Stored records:
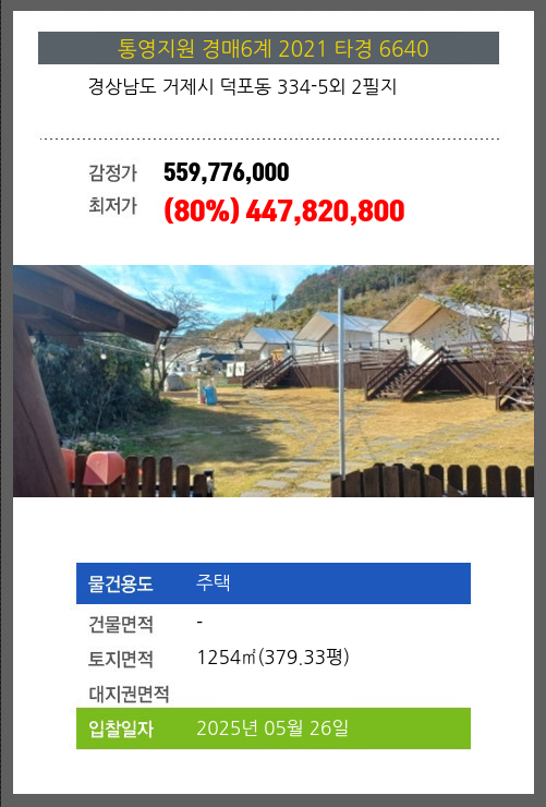 사건번호 2021 타경 6640 본건은 경상남도 거제시 덕포동 334-5외 2필지소재하는 주택경매 물건의 포스팅입니다. 토지면적 [ 1254㎡ (379.33평) ] 시세를 반영한 감정가 559,776,000에서1회 유찰되어 감정가 대비
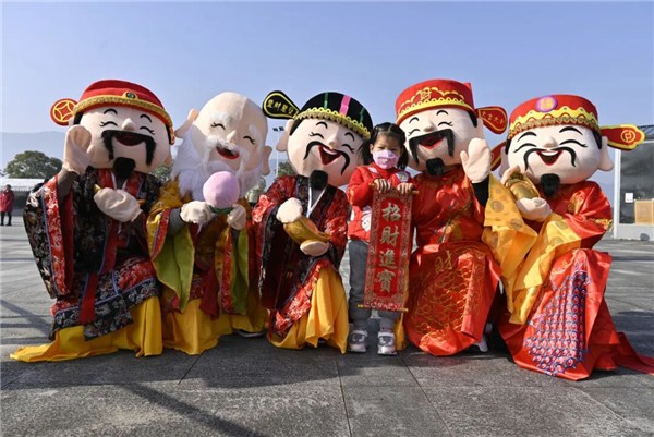 “福、禄、寿、喜、财” 化作鲜活的人物,走入古村街巷。与他们相遇、互动,把对新年的美好期盼化作触手可及的祝福,把吉祥如意带回家。
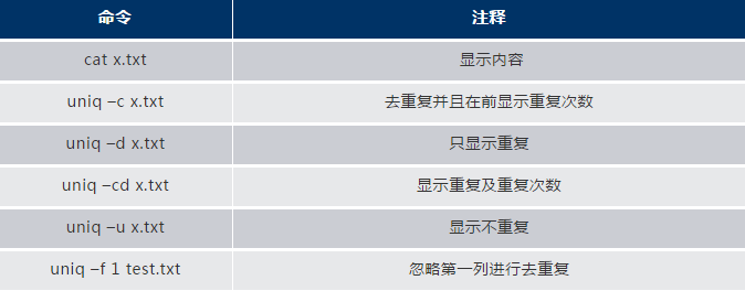 uniq需要配合sort進行使用,把重復的內(nèi)容排序到一起,以下為最常用的幾個命令實例
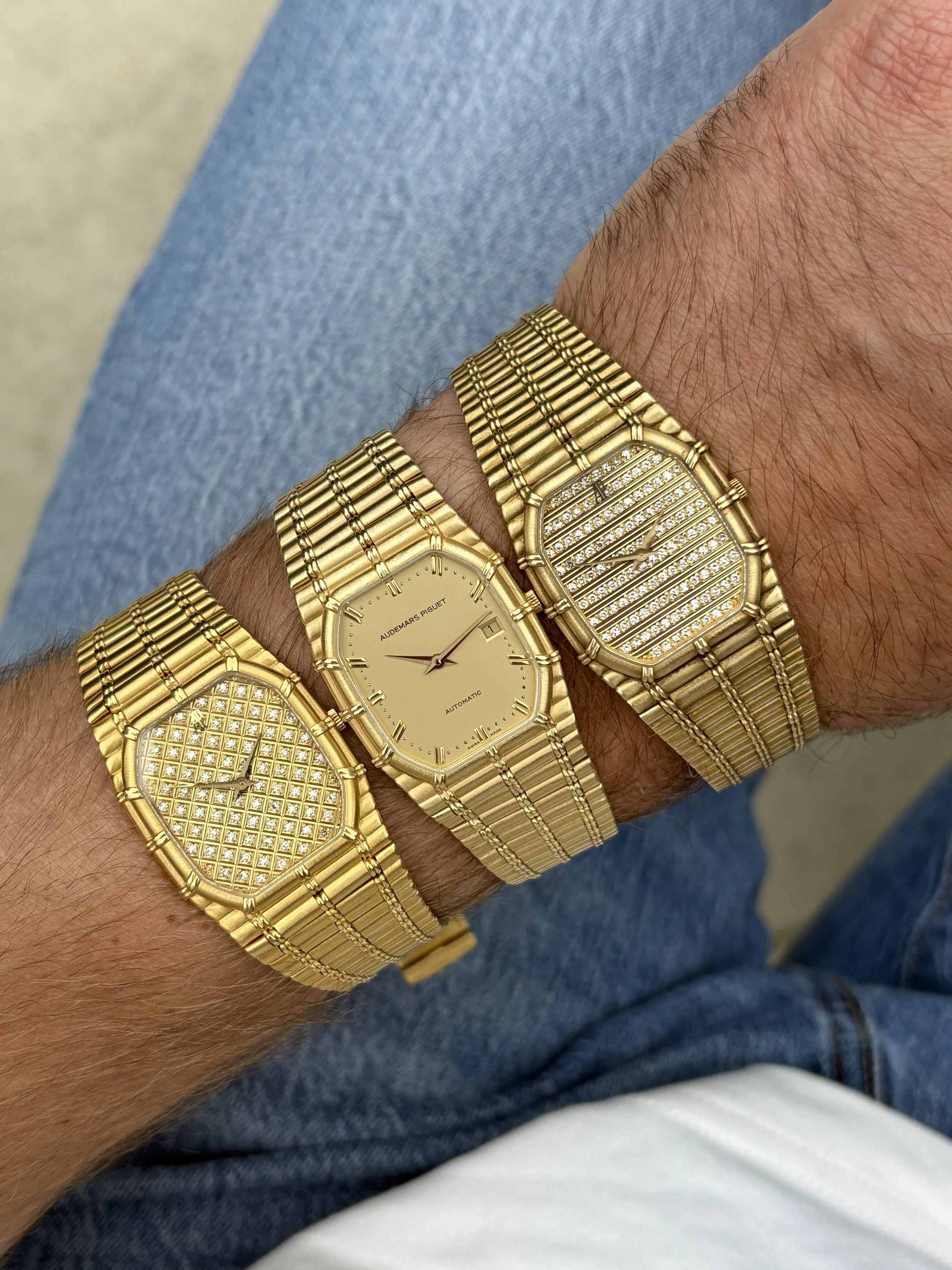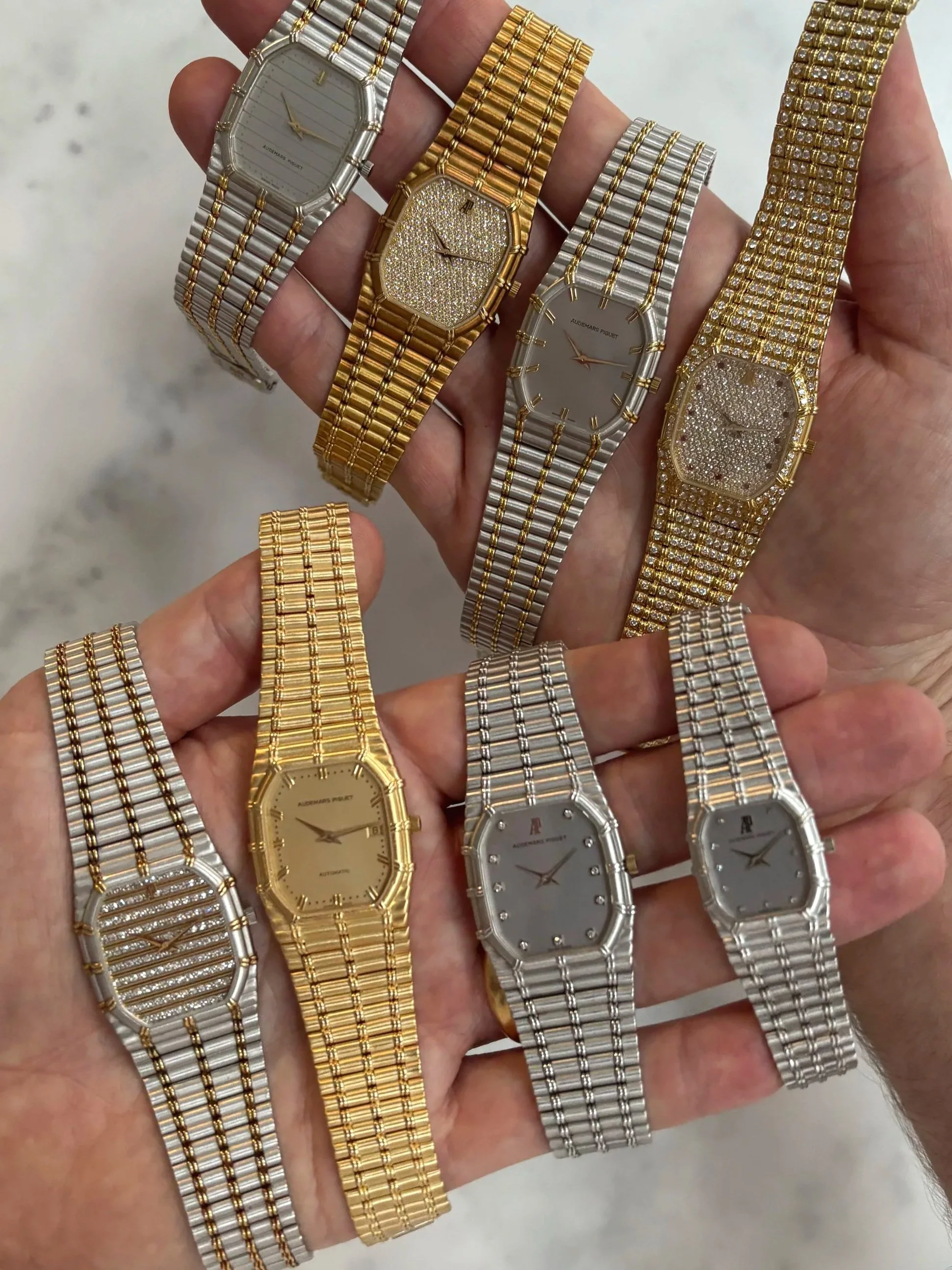 The rise in popularity of the Audemars Piguet Bamboo among collectors has been nothing short of deserved. Produced as an exclusive collection from the early 1980s to the late 1990s, it was largely overlooked in comparison to more commonly seen models in AP’s back catalogue. Its exceptional quality and style are instantly recognisable, with a slim octagonal case, fun dial variants, and delicate 18ct gold cylindrical bamboo links that sit perfectly on the wrist. This level of craftsmanship has made the AP Bamboo a poster boy in the resurgence of luxury and jewellery-style vintage watches.
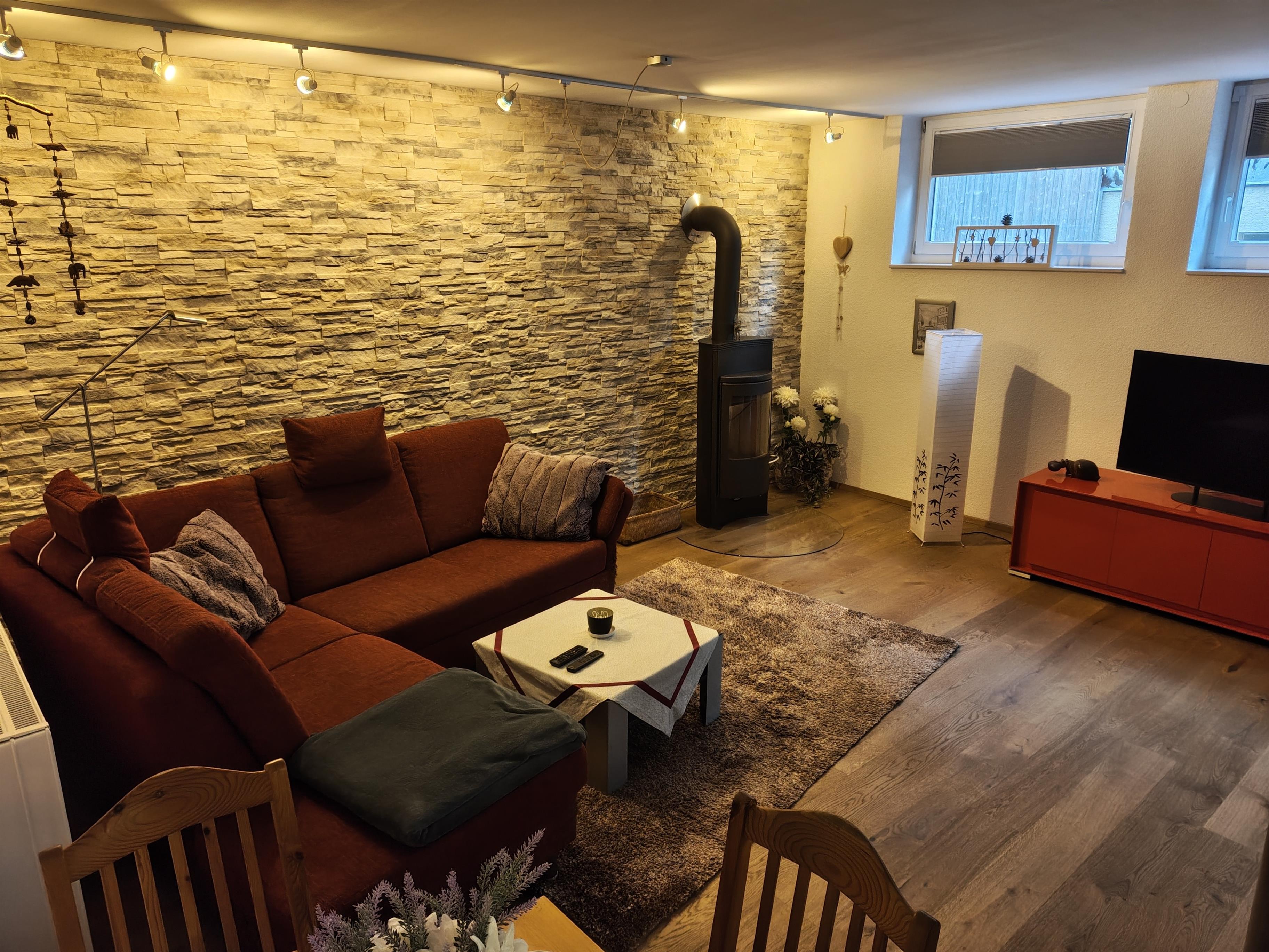 Willkommen im Haus Königer Lindenbronn! Unsere gemütliche Ferienwohnung bietet Platz für bis zu 4 Personen und verfügt über ein Schlafzimmer, ein Wohnzimmer mit Kamin, eine voll ausgestattete Küche und ein modernes Bad. Genießen Sie die ruhige Lage in Wäschenbeuren und lassen Sie die Seele baumeln.
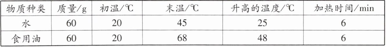 (4)点燃酒精灯,同时对水和食用油加热,加热时间均为6 min,停止加热前分别读出水和食用油的末温,填入表中。
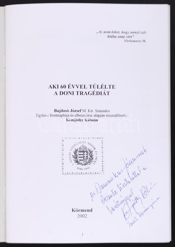 Komjáthy Kálmán: Aki 60 évvel túlélte a don-i tragédiát. Körmend 2002.... https://www.darabanth.com/de/194-Fernauktion/194.0/Andere-Sammelgebiete/Bucher-Militaria~600029/Komjathy-Kalman-Aki-60-evvel-tulelte-a-don-i-tragediat-Kormend-2002-Magankiadvany~II739764
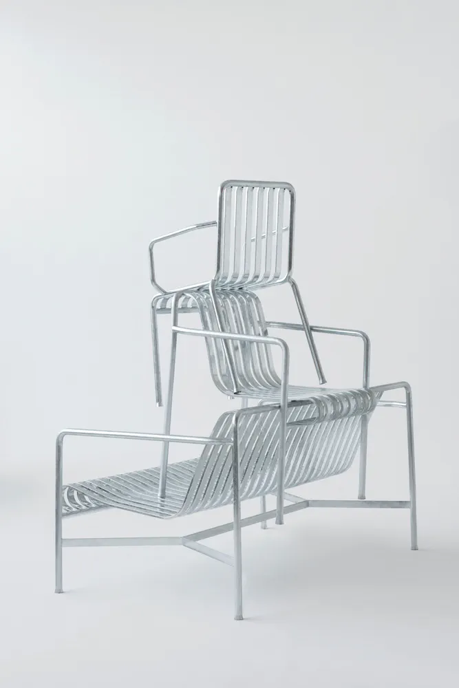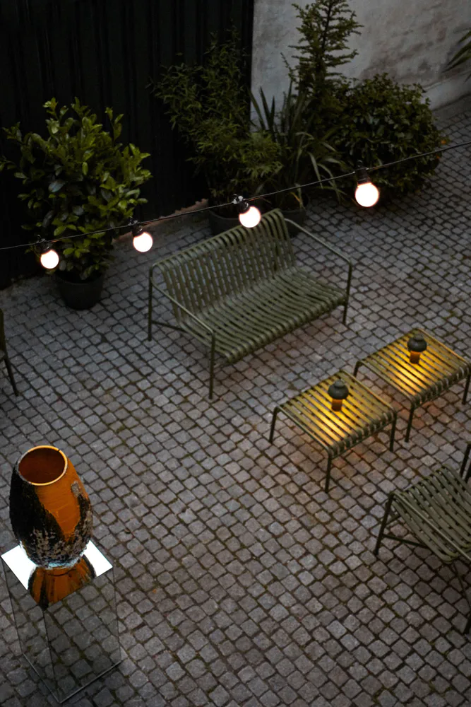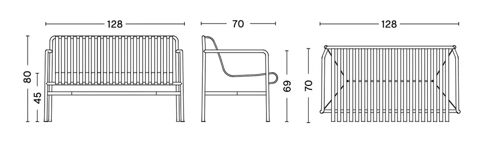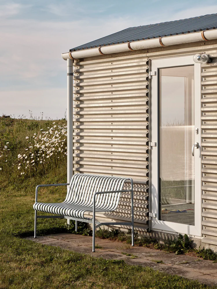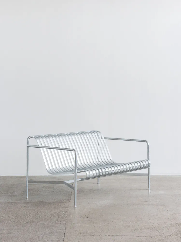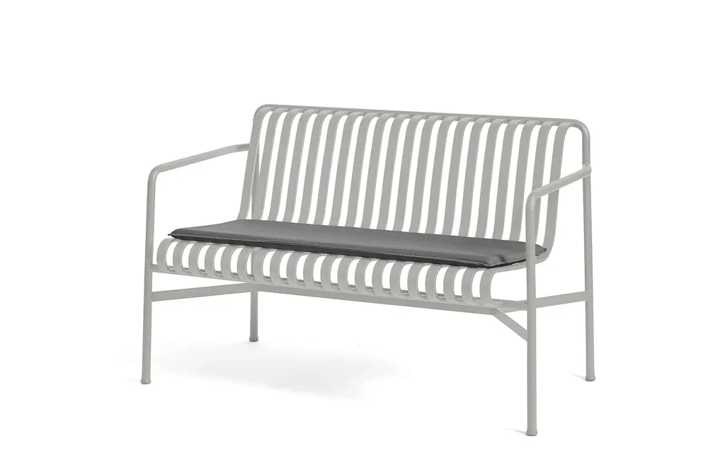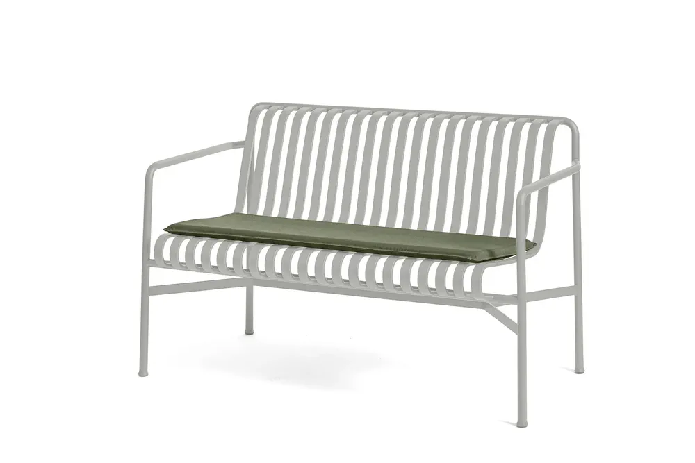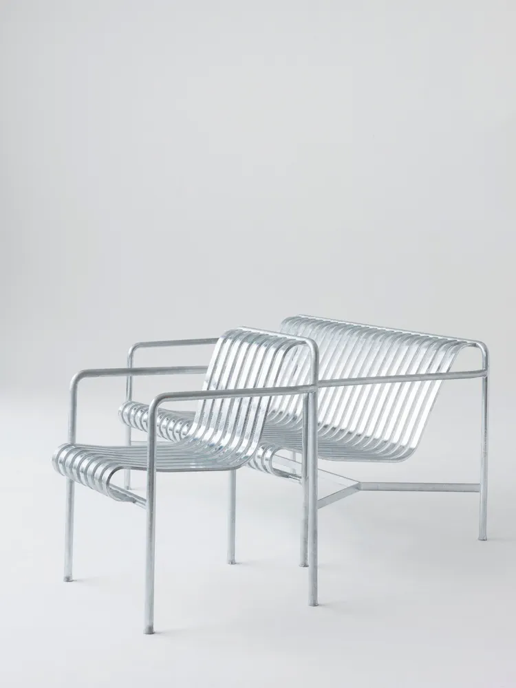 Introducing the PALISSADE Steel Garden Bench with Armrests, designed by Ronan and Erwan Bouroullec. This robust piece from the Palissade collection seamlessly blends into any outdoor space while offering comfort and style. Made with durable powder coated steel, it withstands the elements, making it ideal for gardens, terraces, or cafés. Its modern design and elegant finishes in anthracite, sky grey, olive, and iron red enhance any setting, ensuring it remains a stunning focal point for years to come. Upgrade your outdoor experience with this beautifully crafted bench.

- TASK GOAL -
Transcribe each entry above exactly, apart from the pictures.

- OUTPUT FOR THIS EXERCISE -
 사건번호 2021 타경 6640 본건은 경상남도 거제시 덕포동 334-5외 2필지소재하는 주택경매 물건의 포스팅입니다. 토지면적 [ 1254㎡ (379.33평) ] 시세를 반영한 감정가 559,776,000에서1회 유찰되어 감정가 대비
 “福、禄、寿、喜、财” 化作鲜活的人物,走入古村街巷。与他们相遇、互动,把对新年的美好期盼化作触手可及的祝福,把吉祥如意带回家。
 uniq需要配合sort進行使用,把重復的內(nèi)容排序到一起,以下為最常用的幾個命令實例
 The rise in popularity of the Audemars Piguet Bamboo among collectors has been nothing short of deserved. Produced as an exclusive collection from the early 1980s to the late 1990s, it was largely overlooked in comparison to more commonly seen models in AP’s back catalogue. Its exceptional quality and style are instantly recognisable, with a slim octagonal case, fun dial variants, and delicate 18ct gold cylindrical bamboo links that sit perfectly on the wrist. This level of craftsmanship has made the AP Bamboo a poster boy in the resurgence of luxury and jewellery-style vintage watches.
 Willkommen im Haus Königer Lindenbronn! Unsere gemütliche Ferienwohnung bietet Platz für bis zu 4 Personen und verfügt über ein Schlafzimmer, ein Wohnzimmer mit Kamin, eine voll ausgestattete Küche und ein modernes Bad. Genießen Sie die ruhige Lage in Wäschenbeuren und lassen Sie die Seele baumeln.
 (4)点燃酒精灯,同时对水和食用油加热,加热时间均为6 min,停止加热前分别读出水和食用油的末温,填入表中。
 Komjáthy Kálmán: Aki 60 évvel túlélte a don-i tragédiát. Körmend 2002.... https://www.darabanth.com/de/194-Fernauktion/194.0/Andere-Sammelgebiete/Bucher-Militaria~600029/Komjathy-Kalman-Aki-60-evvel-tulelte-a-don-i-tragediat-Kormend-2002-Magankiadvany~II739764
 Introducing the PALISSADE Steel Garden Bench with Armrests, designed by Ronan and Erwan Bouroullec. This robust piece from the Palissade collection seamlessly blends into any outdoor space while offering comfort and style. Made with durable powder coated steel, it withstands the elements, making it ideal for gardens, terraces, or cafés. Its modern design and elegant finishes in anthracite, sky grey, olive, and iron red enhance any setting, ensuring it remains a stunning focal point for years to come. Upgrade your outdoor experience with this beautifully crafted bench.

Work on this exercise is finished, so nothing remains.